Yaklaşık 3 yıldır devam eden iç savaşta şimdiye dek 10 bin kişi yaşamını yitirdi. Bunların büyük kısmını siviller oluşturuyor. Arka plandaki devletler tarafından yürütülen ve özellikle sivilleri hedef almaya yönelik 21. yüzyılın yeni savaş stratejisinde, Yemen'de yine seçilen hedefler hastaneler, pazar yerleri ve ülkenin hayati noktalarından biri olan su istasyonları. Bir süre önce uygulanmaya başlayan abluka, temel gıda maddelerinin, benzinin, ilacın ve en önemlisi suyun ülkeye girişini büyük ölçüde durdurmuş durumda. Benzine ulaşımın zorlaşması, temiz suya ulaşımı imkansızlaştırmakta; bu durum ise kolera, difteri gibi bulaşıcı hastalıkları ülkede geniş çaplı bir salgın haline getirmekte. Şu anda siviller, normal şartlarda kolayca tedavi edilebilecek bu hastalıklar yüzünden ölüyorlar.

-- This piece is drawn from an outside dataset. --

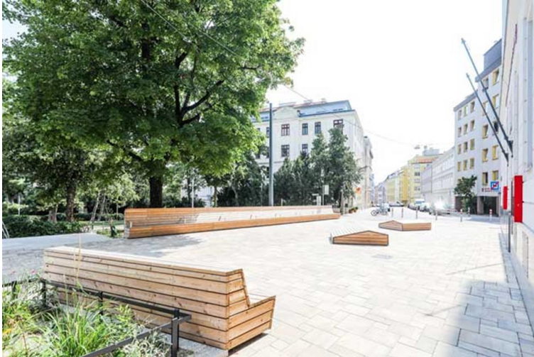
Schulgasse 57, 1180 Wien

Yemen'de Nisan ayından itibaren kolera salgınından etkilenmiş 900 bin vaka olduğu sanılıyor. Dünya Sağlık Örgütü, bunu, tarihteki en büyük kolera salgını olarak tanımladı. Ülkede durum ise içler acısı; öyle ki, gidilen hemen her yerde bir deri bir kemik haline gelmiş ağır hasta insanlar dikkat çekiyor. Bombardımanlardan kurtulanlar, kıtlık ve salgın hastalıklar yüzünden yaşamlarını yitiriyorlar.

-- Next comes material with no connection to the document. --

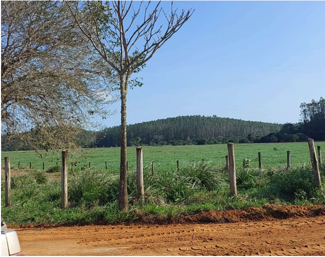
(A) Vista do Ponto 1 dos Talhões

Geçtiğimiz günlerde kısmen ulaştırılmaya başlanan yardımlar, Yemen'in eski devlet başkanı Ali Abdullah Salih'in Husiler tarafından katledilmesi ile tekrar durdu. Aynı gün Birleşmiş Milletler, insani yardımın sivillere ulaşabilmesi için sadece 6 saat geçerli olacak bir geçici ateşkes çağrısında bulunmuştu. Birleşmiş Milletler'in Yemen insani yardım koordinatörü Jamie McGoldnick, Başkent sokaklarının savaş alanına döndüğünü ifade ederek "Yardım görevlileri sokağa çıkamıyor" demişti. Ancak bu ateşkes çağrısı, Salih'in öldürülmesiyle yerini yeni ve daha şiddetli çatışmalara bıraktı.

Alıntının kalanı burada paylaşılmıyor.